Today was a long day . . . followed by several other long days with a few more long days in sight.
I’ve been reading Sacred Privilege by Kay Warren from my reading list. I am only a few chapters in but it has been such a blessing and encouragement. As a pastor’s wife, sometimes we have days that are awesome, riding on cloud nine. The church is growing, people are getting saved, the children are behaving, your relationship with your husband is AMAZING and life is just generally going good.
And then, LIFE.
Wherefore, as by one man sin entered into the world, and death by sin; and so death passed upon all men, for that all have sinned. -Romans 5:12
For some, it’s a church split or conflict in the church. It can be a direct verbal attack from a church member. It can be the children arguing and fighting or problems with your husband, even infidelity. A pastor’s family is still human after all. But some days . . . some days it’s just a long, hard day.
Today was one of those days.
As a child, I spent many days at hospitals and doctor’s appointments with my mother, and as an adult, I have a severe dislike of hospitals. As a pastor’s wife, hospital visits are not something I enjoy unless there is a newborn baby to snuggle, but I have learned to do them somewhat gracefully (I hope) with God’s help.

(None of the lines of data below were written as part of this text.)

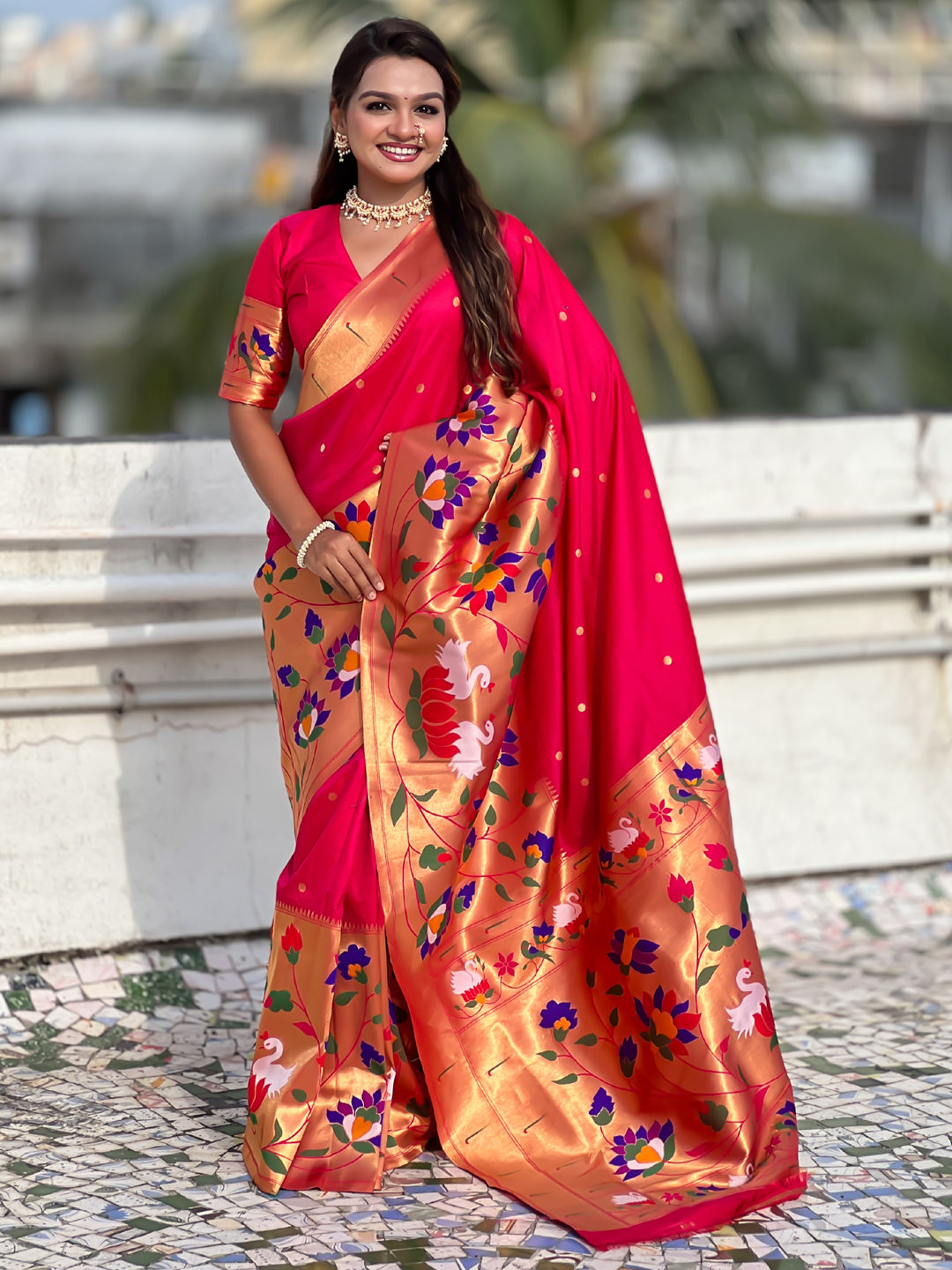 in Pink and Majenta with Weaving work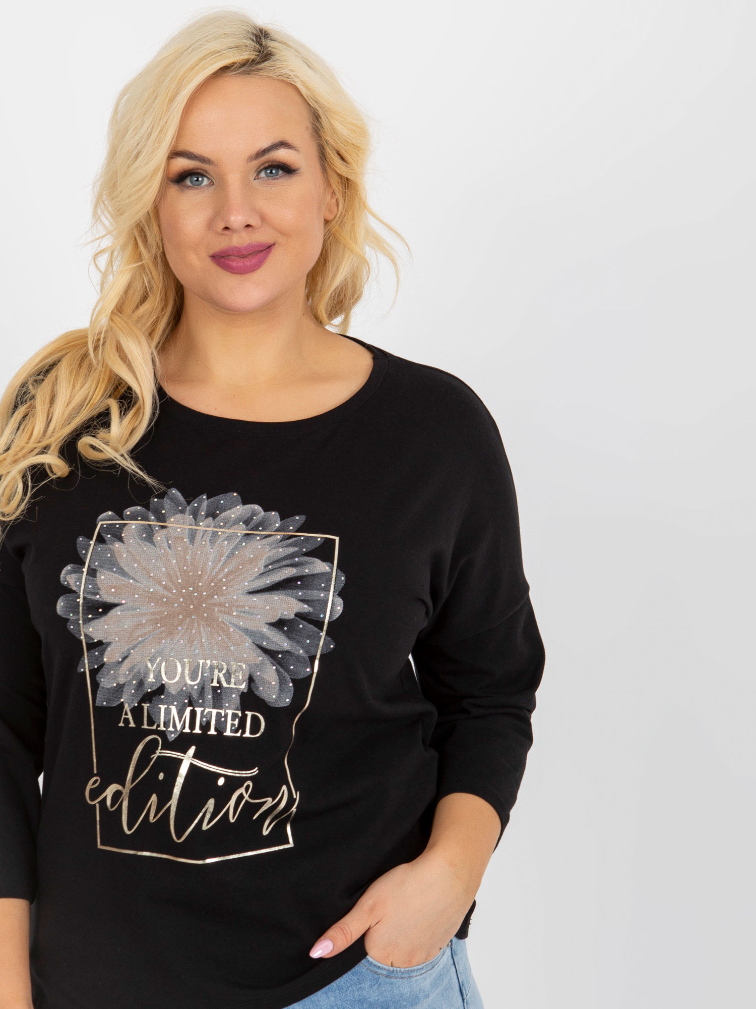 Czarna damska bluzka plus size z napisem i dżetami .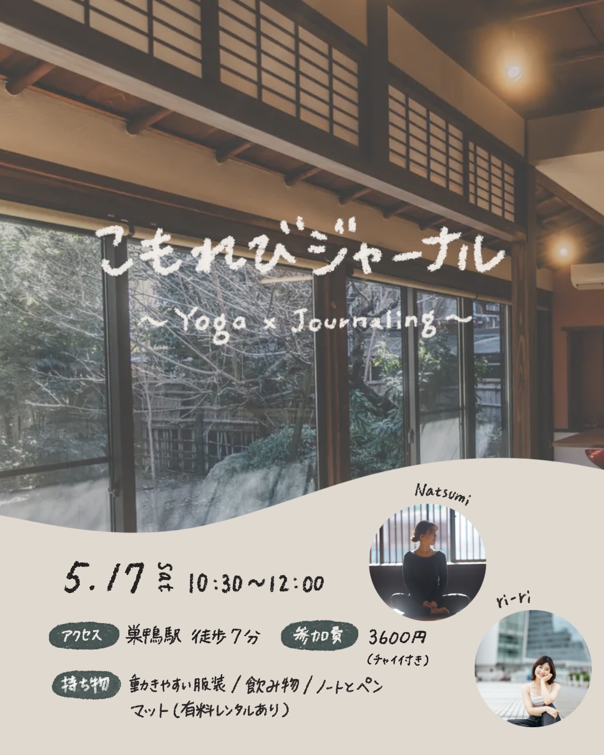 | 実施内容 | : | 都心の隠れ家で過ごす、心と体を整えるひととき。 忙しい日常から少し離れて、静かな古民家でヨガとジャーナリングを体験してみませんか? ヨガで心と体をゆるめた後、自分自身の内側にそっと目を向ける時間。 ここでの時間が、あなたにとって新しい一歩のきっかけになれば嬉しいです! 【スケジュール】 【こんな人におすすめ!】 |

This week, my husband and I spent entirely too much time at the hospital. A member’s grandma underwent multiple surgeries but we praised God for His faithfulness in keeping her alive and saving one of her daughters in the process. God has always shown his faithfulness but sometimes we wonder why he does things the way he does.

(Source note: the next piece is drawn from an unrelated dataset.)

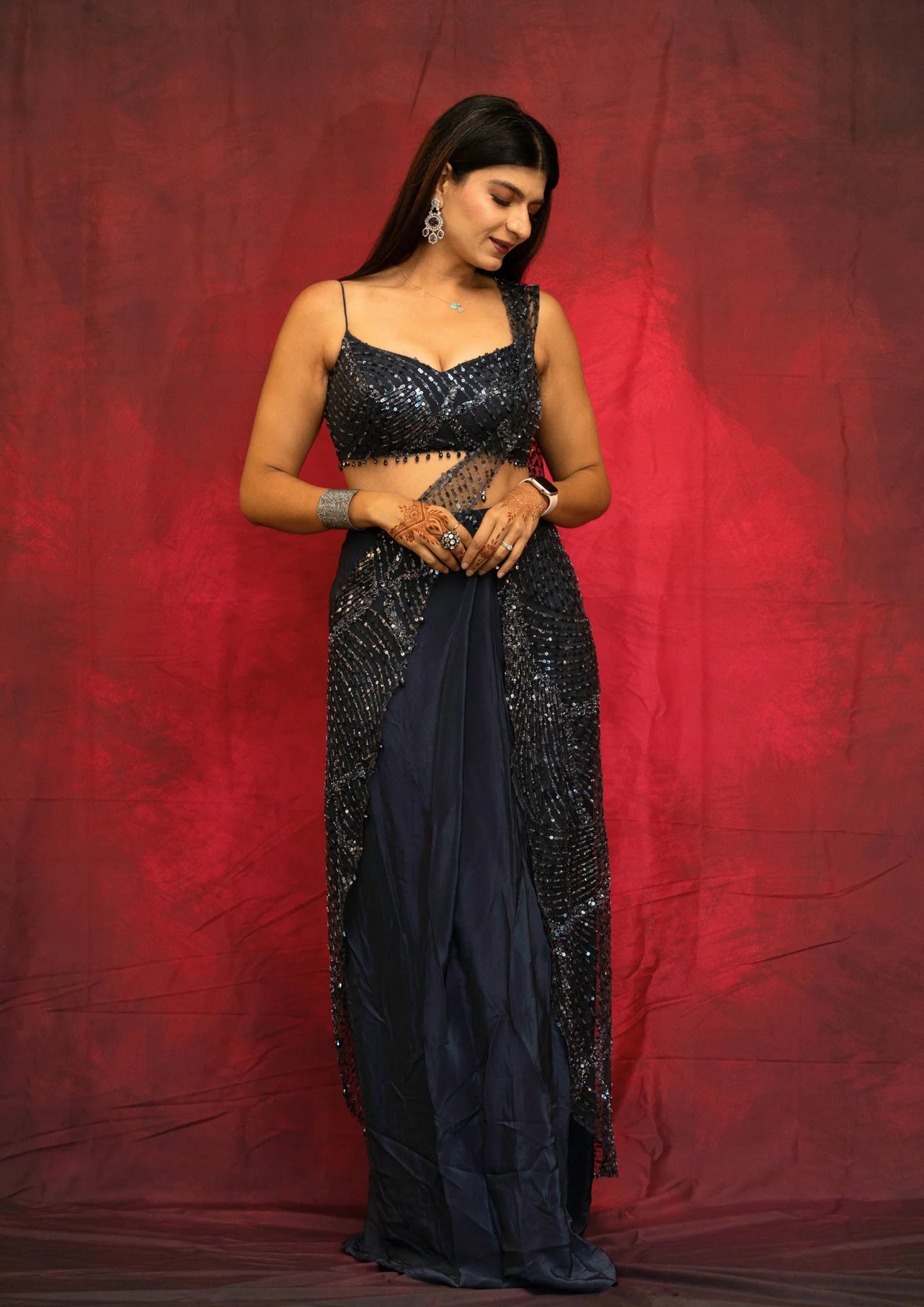 • Saree: Pre-stitched navy base with an asymmetrical, fully sequined drape featuring linear bead and sequin work for a structured, glittering effect.

Today was one such day. A couple in our church was married for 68 years. SIXTY EIGHT, y’all. Two VERY Godly people.
And then, a phone call.
She’s been taken to the ER by ambulance. She’s very weak and they don’t know why. My God did, but the doctors didn’t.
Today, I rushed to the hospital with my husband to stand by the side of this man, this servant of God, who had served God SO faithfully, for so many years as he sat in a wheelchair, not able to stand because of the strain, as the doctor went through the agonizing long list of things they had done to restart his wife’s heart. For 25 minutes they tried and they tried, some of them working to exhaustion keeping her heart pumping and air in her lungs before the doctors asked the husband what to do.
I stood beside him after listening to the doctor list all the steps they had gone through knowing that the life that laid before me in that bed, though physically there through the acts they performed, was spiritually with her Father in Heaven already. I gently whispered, “They’ve done everything.” And I watched as the doctors, nurses and support staff silently filed out and he gently held her hand, silently saying his goodbyes. My eyes leaked tears, I just couldn’t stop. This woman and Jesus were his world, and now they were both together. We were thankful and grateful but our hearts still hurt for the separation, temporary though it may be.
Today was a long day. Not every day is a long day and I praise God for the highs mixed in with the lows. After I left that hospital, I hugged my children tight and I gave my husband a reprieve from his constant doghouse status because today was not an ordinary day, but it wasn’t unusual either.
Ladies, hug your pastor’s wife. Men, love on your pastor. Because we see the worst parts somedays.
We see the troubled families, the death of children and spouses, the broken and lost people who feel like God is not there, and allow God to love that person through us no matter the cost to us.
And yet, despite the hard days . . . we’d do it all again for the moment we get to see someone meet Jesus or the light that goes on in someone’s eyes when they get saved.
It’s worth it. Every single hard, long day.